◆ **Work item**
In the listing that follows, the lines starting at the one containing "Bienvenue à Juniper" and ending at the one containing "会上,张丹老师代表4名海外实" are to be returned exactly, both boundary lines included, and no others.

◆ **Input material**
- Opening Delimiter -
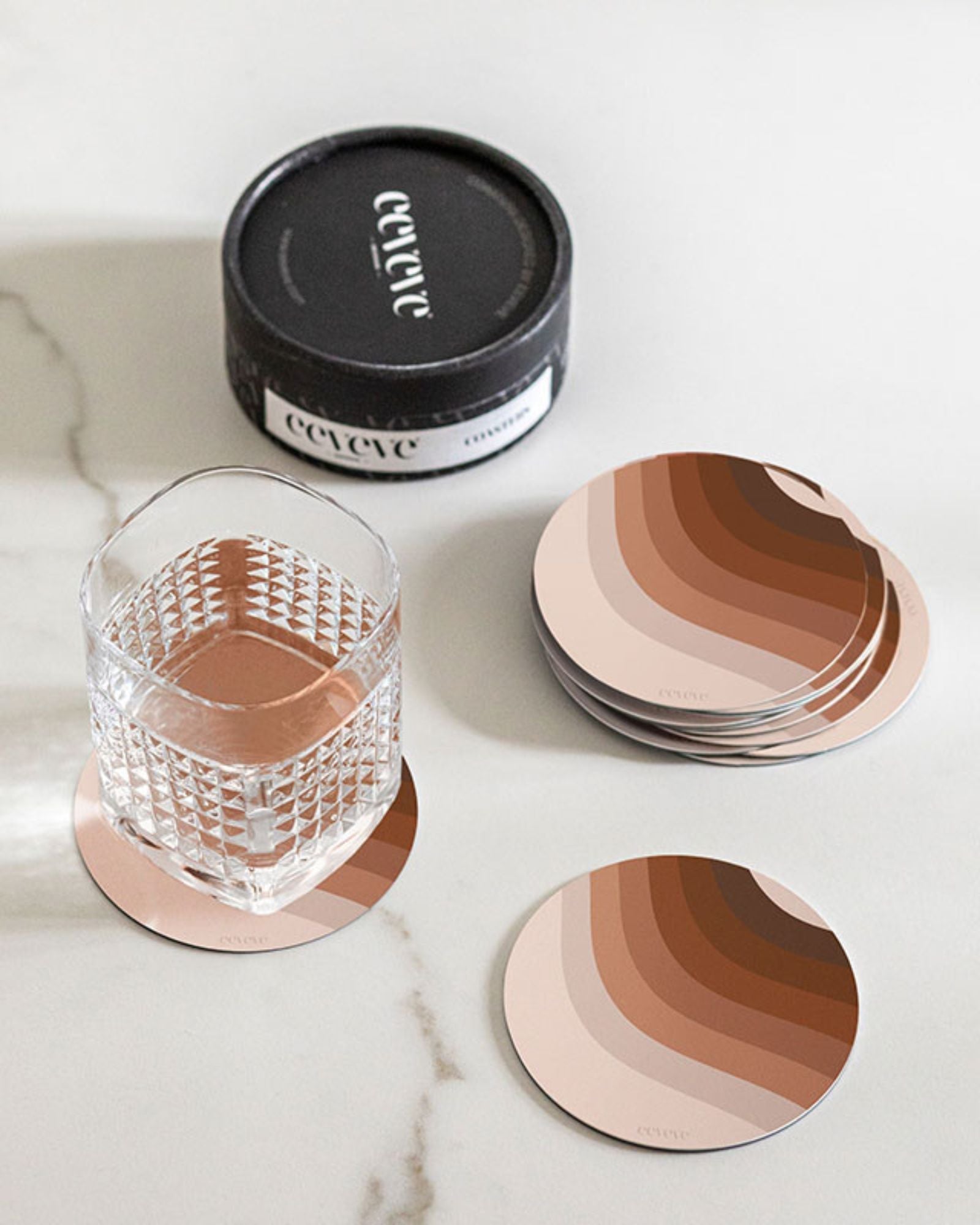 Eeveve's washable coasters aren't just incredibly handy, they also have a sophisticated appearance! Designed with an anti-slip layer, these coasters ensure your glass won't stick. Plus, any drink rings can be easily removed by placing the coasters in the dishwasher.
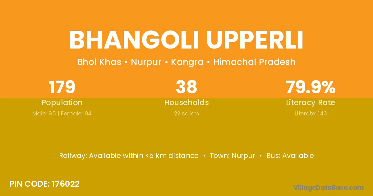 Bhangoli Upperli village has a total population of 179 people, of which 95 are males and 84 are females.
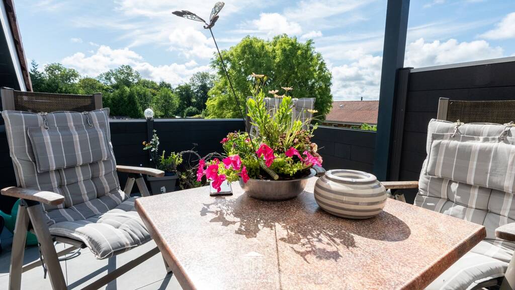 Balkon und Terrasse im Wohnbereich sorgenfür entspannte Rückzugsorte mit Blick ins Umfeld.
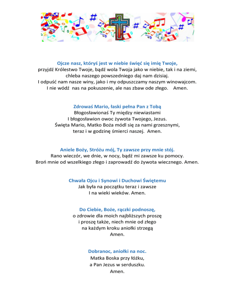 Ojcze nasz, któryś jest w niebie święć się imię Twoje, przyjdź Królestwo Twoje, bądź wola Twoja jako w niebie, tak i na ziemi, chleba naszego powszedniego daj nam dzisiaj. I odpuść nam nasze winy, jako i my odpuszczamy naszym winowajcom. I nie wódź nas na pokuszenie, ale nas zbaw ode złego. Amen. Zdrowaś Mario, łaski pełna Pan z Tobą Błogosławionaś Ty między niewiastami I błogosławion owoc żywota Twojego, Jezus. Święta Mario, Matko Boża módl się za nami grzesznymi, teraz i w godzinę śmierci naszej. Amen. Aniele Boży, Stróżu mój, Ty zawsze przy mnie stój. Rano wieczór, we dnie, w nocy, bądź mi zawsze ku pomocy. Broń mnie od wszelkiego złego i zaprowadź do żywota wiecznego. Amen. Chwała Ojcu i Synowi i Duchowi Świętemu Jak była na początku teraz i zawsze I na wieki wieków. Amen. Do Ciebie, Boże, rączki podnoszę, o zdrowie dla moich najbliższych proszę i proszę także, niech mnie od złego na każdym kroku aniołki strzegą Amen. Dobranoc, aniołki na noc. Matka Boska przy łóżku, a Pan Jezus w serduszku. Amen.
- Closing Delimiter -
- Opening Delimiter -
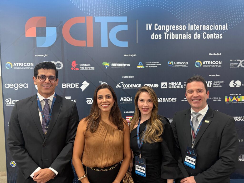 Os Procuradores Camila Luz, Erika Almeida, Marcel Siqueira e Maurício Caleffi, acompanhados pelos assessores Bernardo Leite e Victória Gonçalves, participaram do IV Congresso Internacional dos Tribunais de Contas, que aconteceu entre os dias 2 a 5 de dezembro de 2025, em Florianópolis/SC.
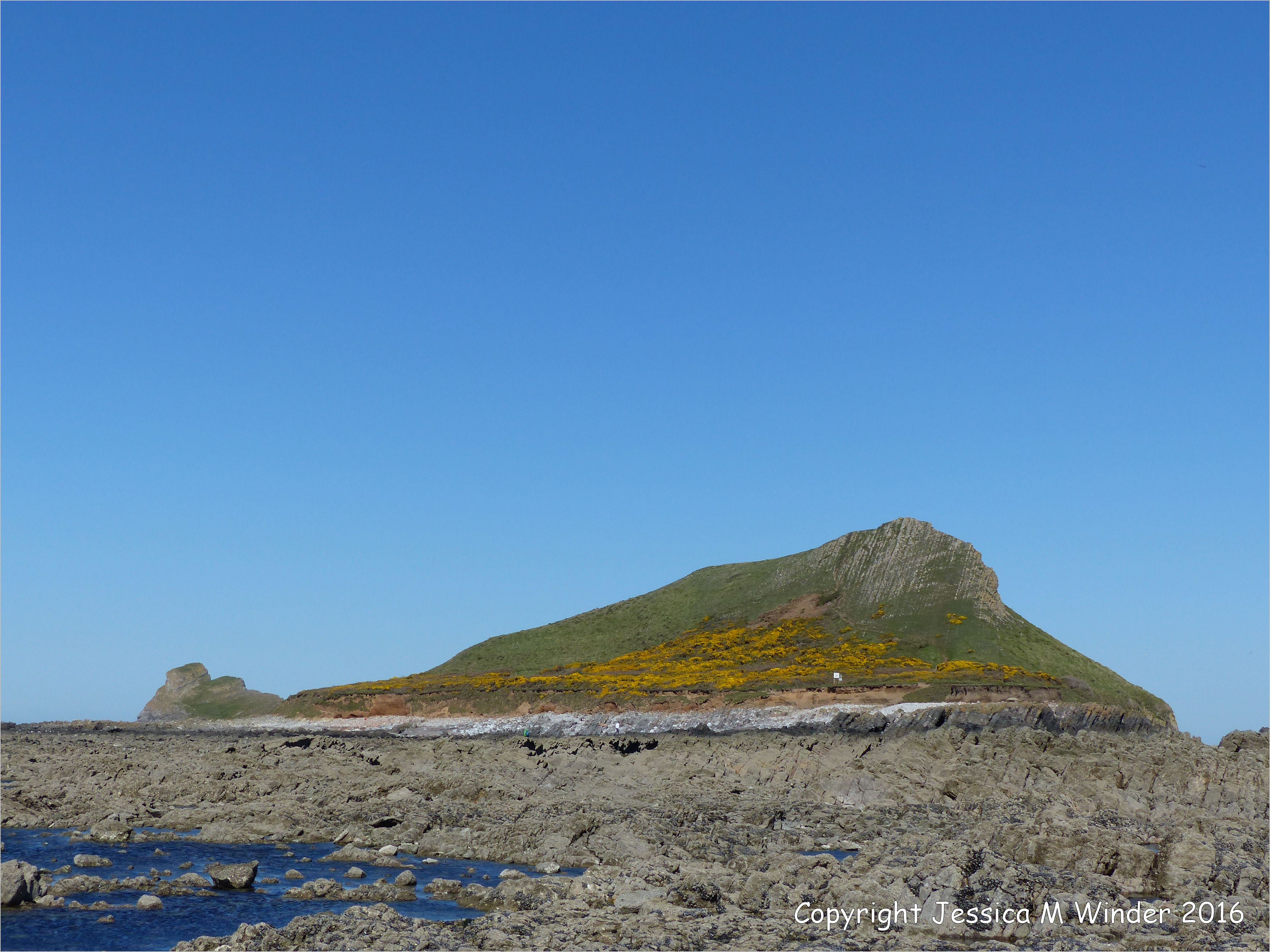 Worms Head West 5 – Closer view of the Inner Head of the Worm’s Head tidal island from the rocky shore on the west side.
- Closing Delimiter -
- Opening Delimiter -
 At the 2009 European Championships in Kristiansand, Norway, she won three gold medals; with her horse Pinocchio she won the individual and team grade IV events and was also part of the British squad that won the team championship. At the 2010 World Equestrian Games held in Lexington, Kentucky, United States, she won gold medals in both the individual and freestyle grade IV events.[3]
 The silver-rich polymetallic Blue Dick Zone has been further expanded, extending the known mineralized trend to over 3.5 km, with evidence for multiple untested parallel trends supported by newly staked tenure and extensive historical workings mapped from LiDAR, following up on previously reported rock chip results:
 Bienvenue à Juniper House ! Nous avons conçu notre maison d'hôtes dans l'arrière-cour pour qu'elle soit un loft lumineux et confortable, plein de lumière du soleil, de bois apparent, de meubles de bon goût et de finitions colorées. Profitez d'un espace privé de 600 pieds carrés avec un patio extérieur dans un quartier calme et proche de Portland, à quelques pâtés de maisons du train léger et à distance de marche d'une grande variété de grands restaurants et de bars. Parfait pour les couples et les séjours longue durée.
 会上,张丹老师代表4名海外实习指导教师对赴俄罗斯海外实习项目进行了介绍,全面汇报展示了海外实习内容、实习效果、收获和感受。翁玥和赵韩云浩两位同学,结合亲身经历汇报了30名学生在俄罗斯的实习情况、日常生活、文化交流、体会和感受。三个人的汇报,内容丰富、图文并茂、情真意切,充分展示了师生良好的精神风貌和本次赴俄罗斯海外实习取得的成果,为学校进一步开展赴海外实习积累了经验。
- Closing Delimiter -
◆ **Solution to this exercise**
 Bienvenue à Juniper House ! Nous avons conçu notre maison d'hôtes dans l'arrière-cour pour qu'elle soit un loft lumineux et confortable, plein de lumière du soleil, de bois apparent, de meubles de bon goût et de finitions colorées. Profitez d'un espace privé de 600 pieds carrés avec un patio extérieur dans un quartier calme et proche de Portland, à quelques pâtés de maisons du train léger et à distance de marche d'une grande variété de grands restaurants et de bars. Parfait pour les couples et les séjours longue durée.
 会上,张丹老师代表4名海外实习指导教师对赴俄罗斯海外实习项目进行了介绍,全面汇报展示了海外实习内容、实习效果、收获和感受。翁玥和赵韩云浩两位同学,结合亲身经历汇报了30名学生在俄罗斯的实习情况、日常生活、文化交流、体会和感受。三个人的汇报,内容丰富、图文并茂、情真意切,充分展示了师生良好的精神风貌和本次赴俄罗斯海外实习取得的成果,为学校进一步开展赴海外实习积累了经验。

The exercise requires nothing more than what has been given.